OBSERVATIONS AND ANALYSIS OF O(D-1) AND NH2 LINE-PROFILES FOR THE COMA OF COMET P/HALLEY

A set of high-resolution Fabry-Perot measurements of the coma of comet P/Halley was acquired in the [O I] 6300 Angstrom and NH2 6298.62 Angstrom emission lines. These high-resolution measurements provide the first optical observations capable of studying directly the photochemical kinetics and dynamic outflow of the coma. The observations were analyzed by a Monte Carlo Particle Trajectory Model. The agreement of the model and observed line profiles was excellent and verified the underlying dynamics, exothermic photodissociative chemistry, and collisional thermalization in the coma. The somewhat wider intrinsic line profile width for the O(D-1) emission in 1986 January compared to 1986 May is, for example, produced by the larger outflow speeds and gas temperatures nearer perihelion in January. The January O(D-1) profile, which is wider than the January NH2 profile, is indicative of the photochemical kinetics in the dissociation of the parent molecules H2O and OH in the coma.

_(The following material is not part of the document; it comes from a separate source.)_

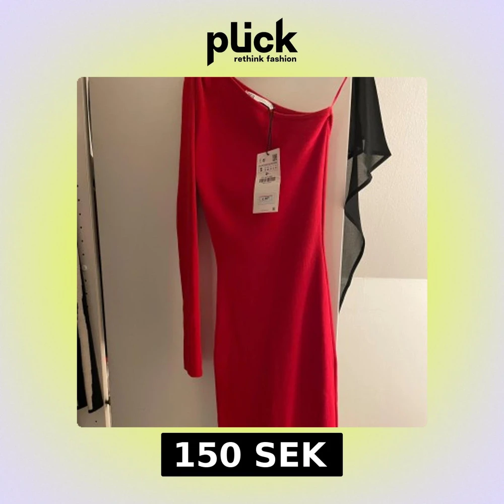 Säljer en röd oneshoulder klänning från Zara i ribbad polyester. Klänningen har lång ärm på ena sidan och en modell som sitter tight och framhäver figuren.

The absolute calibration of the observations in 1986 January allowed the production rates for H2O and the NH2-parent molecules to be determined. The average daily water production rates derived from the O(D-1) emission data for January 16 and 17 are (2.90+/-0.13) x 10(30) molecules s(-1) and (2.68 +/- 0.38) x 10(30) molecules s(-1), respectively. These very large water production rates are consistent with the extrapolated (and 7.6 day time variable) water production rates determined from the analysis of lower spectral resolution observations for O(D-1) and Ha emissions (Smyth et al. 1993) that covered the time period up to January 13. The large production rates on January 16 and 17 establish that the maximum water production rate for comet Halley occurred pre-perihelion in January. Implications drawn from comparison with 18 cm radio emission data in January suggest that the peak water production rate was even larger and might have been as large as similar to 3.6 x 10(30) molecules s(-1) near January 23. The average production rate for NH, determined from the NH2 emission data for January 17 was (1.48 +/- 0.10) x 10(28) molecules s(-1), yielding an NH3/H2O production rate ratio of 0.55%. This ratio is consistent with the range of earlier derived values. The corrected g-value noted in the NH2 analysis brings most NH2 production rates in line with NH production rates and also makes them consistent with the production of both species from NH3.